Sunday, October 25, 2009

British Conservatives and Joint Custody

Robert Franklin published in the online men’s journal Men’s News Daily (http://mensnewsdaily.com) an article titled “British Tories Favor Shared Parenting After Breakup” (http://mensnewsdaily.com/glennsacks/2009/10/13/british-tories-favor-shared-parenting-after-breakup/), on the support of British conservatives of public policies that favor joint custody.
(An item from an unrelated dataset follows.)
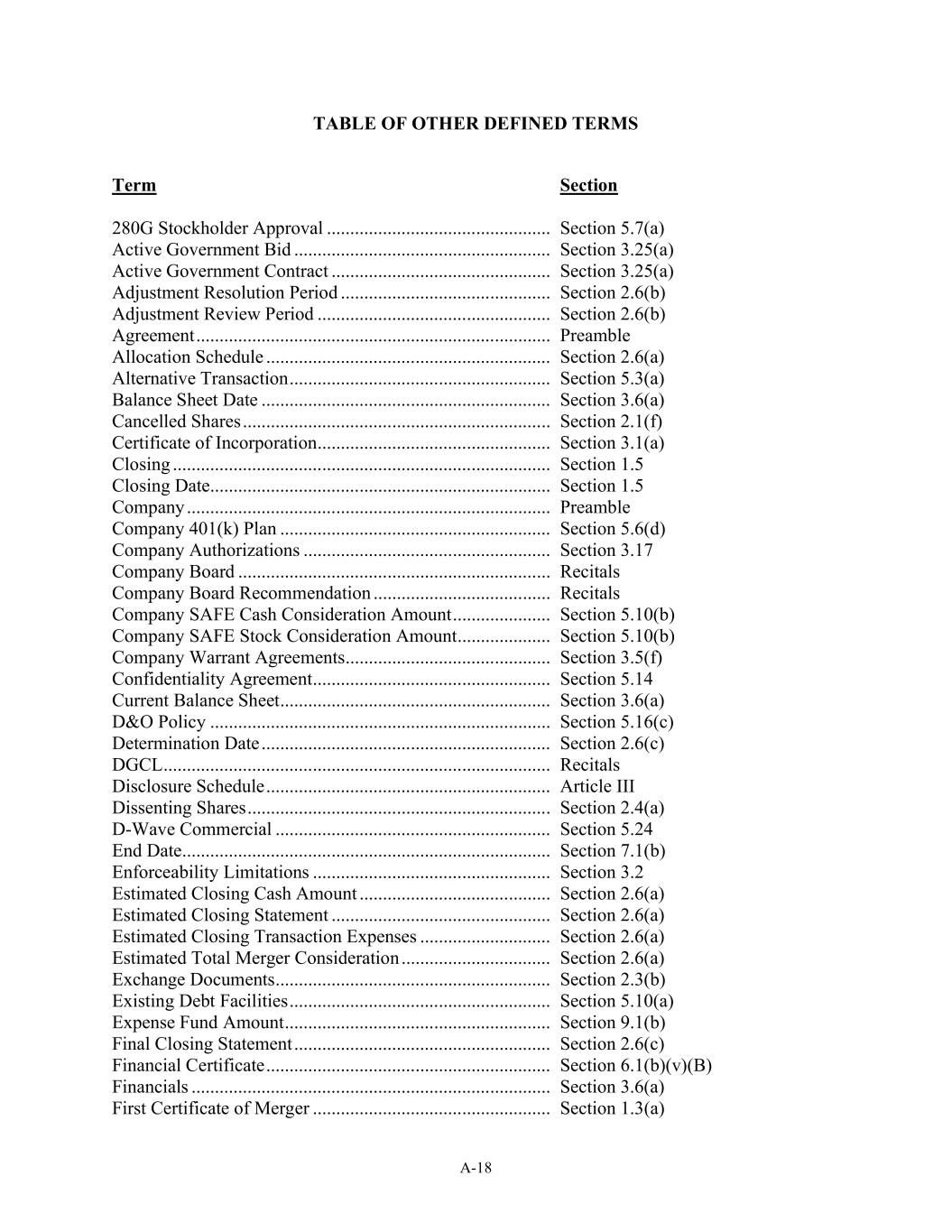 A-18 TABLE OF OTHER DEFINED TERMS Term Section 280G Stockholder Approval ................................................................Section 5.7(a) Active Government Bid ................................................................Section 3.25(a) Active Government Contract ................................................................Section 3.25(a) Adjustment Resolution Period ................................................................Section 2 6(b) Adjustment Review Period ................................................................Section 2.6(b) Agreement ................................................................................................Preamble Allocation Schedule ................................................................Section 2.6(a) Alternative Transaction ................................................................Section 5.3(a) Balance Sheet Date ................................................................Section 3.6(a) Cancelled Shares ................................................................................................Section 2 1(f) Certificate of Incorporation................................................................Section 3.1(a) Closing ................................................................................................Section 1.5 Closing Date................................................................................................Section 1 5 Company ................................................................................................Preamble Company 401(k) Plan ................................................................Section 5.6(d) Company Authorizations ................................................................Section 3.17 Company Board ................................................................................................Recitals Company Board Recommendation ................................................................Recitals Company SAFE Cash Consideration Amount ................................Section 5.10(b) Company SAFE Stock Consideration Amount................................Section 5.10(b) Company Warrant Agreements................................................................Section 3 5(f) Confidentiality Agreement................................................................Section 5.14 Current Balance Sheet................................................................Section 3.6(a) D&O Policy ................................................................................................Section 5 16(c) Determination Date ................................................................Section 2.6(c) DGCL ................................................................................................Recitals Disclosure Schedule ................................................................Article III Dissenting Shares ................................................................................................Section 2 4(a) D-Wave Commercial ................................................................Section 5.24 End Date................................................................................................Section 7.1(b) Enforceability Limitations ................................................................Section 3.2 Estimated Closing Cash Amount ................................................................Section 2 6(a) Estimated Closing Statement ................................................................Section 2.6(a) Estimated Closing Transaction Expenses ................................Section 2.6(a) Estimated Total Merger Consideration ................................................................Section 2 6(a) Exchange Documents................................................................Section 2.3(b) Existing Debt Facilities ................................................................Section 5.10(a) Expense Fund Amount ................................................................Section 9.1(b) Final Closing Statement ................................................................Section 2.6(c) Financial Certificate ................................................................Section 6.1(b)(v)(B) Financials ................................................................................................Section 3 6(a) First Certificate of Merger ................................................................Section 1.3(a)
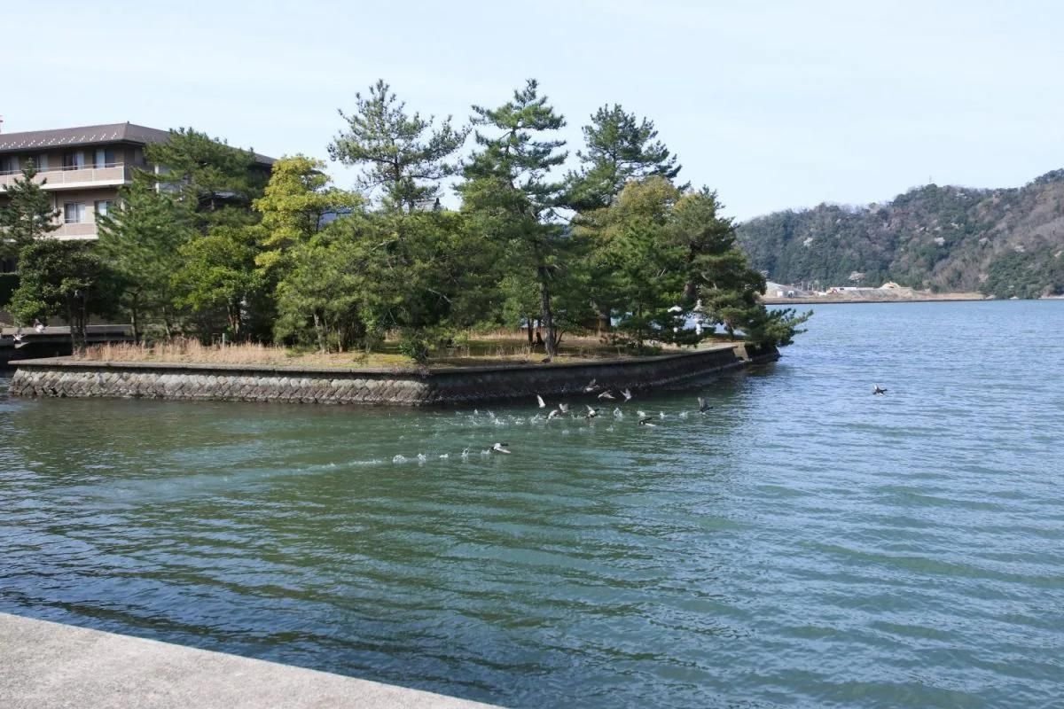 楽々浦湾の水面の浮弁天嶋には閑寂な趣があり、屋形舟で水上から眺めることもできます。

Tim Loughton, UK Shadow Children's Minister, said at a meeting hosted by the charity consortium Kids in the Middle, that his party (the Conservative and Unionist Party, “Tories”) preferred a system that presumed shared parenting following divorce, even if the couples could not reach an agreement and needed mediation to do so. Loughton said:

"At the moment we have got an incredibly adversarial system when parents split up. It is crazy we have so many acrimonious cases. (…) From the start of the process there should be a default mechanism for shared responsibility unless there is a welfare reason not to."

His comments come as a reaction to the growing concerns in British society over the adverse impact of conflict between parents on children. Several issues compound these concerns:

-The generalized rejection to the current adversarial nature of divorce processes.

- The growing acceptance of a presumption of equally shared parenting for custody awards.

- The understanding of the importance of mediation in divorce processes.

-The generalized idea that both parents should be involved in their children’s education.

Even though there is no concrete law project in favor of joint custody in the United Kingdom, the fact that the powerful Tory Party favors joint custody should be considered a milestone in the attainment of one. This should be read as a sign of the profound transformations that family relations and gender roles are undergoing in many countries around the world, transformations that in the end will bring healthier families, happier children, and stronger communities.

I would like to finish this post quoting the last paragraph of the article, on which, after mentioning all the possible barriers against the concretion of a pro-joint custody law in the United Kingdom, says:

But those are all things to be dealt with, to be fought over when the time comes. Final victory never comes; movement toward greater father-child bonds is always a work in progress. It is now and always will be a process of becoming.”